The only training a newly appointed judge gets prior to presiding in court is to “shadow” other judges for several weeks before being sworn in. That means sitting silently on the dais next to the judge, observing everything he or she says and does. The regional senior judge chose the judges I was to shadow. “I’ve selected a variety of judges who demonstrate a broad spectrum of judicial styles,” he said. “Harvey, this is your chance to learn what to do and what not to do. It’s the last time you’ll ever get to see your colleagues in action, because once you’re sworn in, you’ll be flying solo in your own courtroom. So make the most of it.”
I vividly remember the first time I sat on the dais next to a brand-new colleague. From that elevated vantage point at the front of the courtroom, the view was so different than it had been when I stood at the counsel table as a lawyer facing the judge. Now the lawyers were facing me, and the witness box was right beside me. I was struck by the immense honour and privilege that had been bestowed upon me, and was eager to soak up all the wisdom, expertise, and judging “tips” my colleagues could impart.
My first day of shadowing was in criminal court, observing one of the most notorious judges on the Bench, Justice Bill Ross, a wild-eyed, eccentric man in his late sixties with long, unruly, frizzy grey hair that bounced when he spoke and gesticulated. His extreme impatience, sarcastic and off-colour quips, and mercurial temper were legendary. I’d appeared before him numerous times as a lawyer and always found him amusing, in a menacing kind of way. Now, sitting directly beside him, in such close proximity to a man renowned for his impulsive and erratic behaviour, I was more than a little apprehensive about what I was about to witness and how his behaviour might reflect on me. Would the lawyers appearing before us assume he was training me to become just like himself? Would his actions tarnish my reputation before I even began presiding? Would I suffer from guilt by association?
Our first case involved a bank robber who pleaded guilty. The accused, a man in his mid-twenties, had a lengthy record of previous offences, though much less significant ones, and he had been in and out of jail since he was a teenager. After listening to the submissions of the prosecution and defence lawyers, Justice Ross simply pronounced, “Sir, I sentence you to seventeen years.” That was it. No reasons given. During the morning recess I asked how he’d arrived at that sentence. “Simple,” he answered. “I looked down at the calendar in front of me and saw that it was the seventeenth day of the month. So I gave him seventeen years.” As the day wore on, it became abundantly clear that I’d been sent to Justice Ross’s court to learn what not to do.
Several days later, I sat beside another judge, a kind-hearted, soft-spoken woman beloved by defence counsel and loathed by prosecutors. She conducted two criminal trials and found both accused not guilty, even though I thought the evidence of guilt in both cases was overwhelming. Over lunch, I asked her what it was about the evidence that raised a reasonable doubt as to the guilt of the two accused. She said, “Well, the way I see it, I wasn’t there when the incidents happened, so I can’t really be sure what happened. How am I supposed to know if someone’s telling the truth or lying?
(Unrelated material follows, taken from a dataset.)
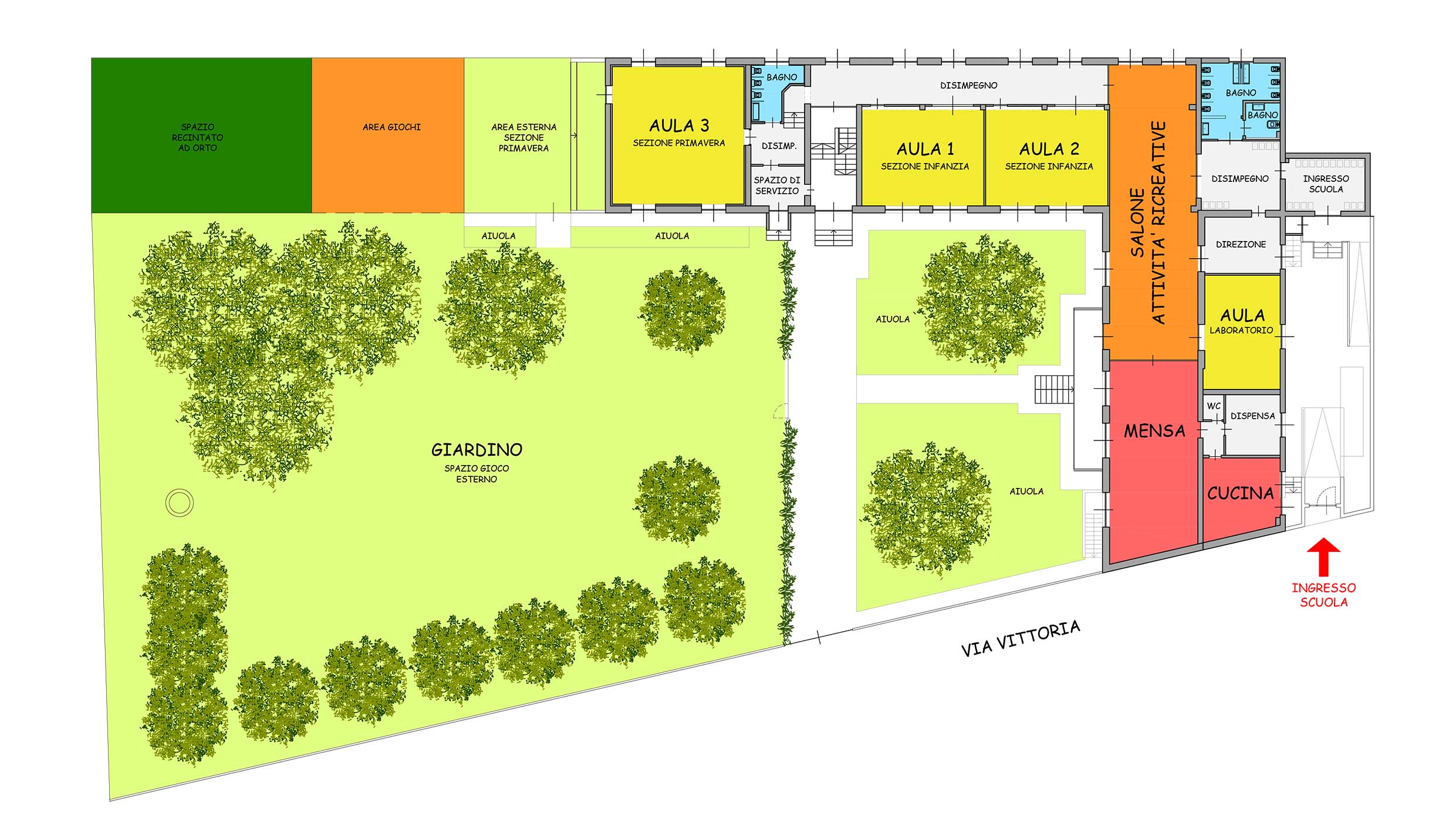 La struttura dispone di un ampio giardino e di spazi interni disposti su un unico piano rialzato. L’accesso allo spogliatoio porta poi al grande salone interno, che collega il locale mensa e la cucina, e il corridoio che porta alle classi didattiche. Al piano interrato è presente un salone adibito a palestra per le attività psicomotorie.

So if an accused gets up and says he didn’t commit the offence, that’s enough to raise a reasonable doubt in my mind.”
Hmm, I thought, no wonder the defence lawyers love her! From one extreme to the other, I was building my understanding of what to avoid.
And yet another judge, Ayres Couto, an irascible, crotchety old curmudgeon, well-known for never having a reasonable doubt, advised me, “Harvey, this job is easy. If the accused is guilty, send him to jail. If he’s innocent, give him a fine.” I swear, you can’t make this stuff up.
The next day I sat beside a kindly, soft-spoken family court judge in his late fifties who was notorious for being indecisive. He greeted me first thing in the morning with, “Harvey, if I play my cards right, we’ll be out of here by noon and I’ll take you for a nice long lunch.” The docket was filled with a lengthy list of hotly contested motions brought by hostile ex-partners fighting over custody, visitation, and child support. I wondered what “playing his cards right” meant. How in the world could my colleague complete such a lengthy list of cases before lunchtime?
I soon found out. In the first motion, we listened to the wife’s lawyer’s submissions, and then the husband’s lawyer made his submissions. The judge sat there poker-faced, saying nothing. He then heaved a great sigh and said, “Counsel, it seems to me that if you really try to talk to your clients and work with each other more effectively, you’ll be able to work this out. I want you all to go out in the hall and don’t come back in here until you’ve reached a resolution.” The same thing happened with the next three motions we heard. We then took the morning recess.
I was astonished and confused. Wasn’t it obvious the parties were in court because they couldn’t resolve their disputes? Why was the judge assuming the lawyers hadn’t tried hard enough to negotiate a resolution before coming to court? He hadn’t even asked them what efforts they’d made to reach a consensus. Wasn’t it the judge’s job to make a decision when the parties were at a stalemate? And besides, if he was going to urge them to try to negotiate an agreement, shouldn’t he have given them some feedback on their positions to point them in the right direction?
During the recess, I peppered the judge with all those questions. He responded, “Harvey, here’s the thing. These parents all have young children and will have to deal with each other for the next twenty years. They chose each other to have children with, so like it or not, they’re stuck with each other and they have to make the best of it. They must find ways to work with each other as co-parents so they can raise their kids without constantly coming to court, expecting judges to do the parenting for them. The best thing judges can do for them is to keep pressuring them to communicate, cooperate, and compromise with each other.”
Unsatisfied with his “pie in the sky,” Pollyanna response, I pressed on. “Of course we should encourage parents in conflict to reach agreement, and in a perfect world, that would happen in every case. But we all know this isn’t a perfect world. Some people are unreasonable, obstinate, and stubborn. Weren’t courts created for the precise purpose of having a neutral third party, a judge, resolve disputes when people just can’t do it themselves?”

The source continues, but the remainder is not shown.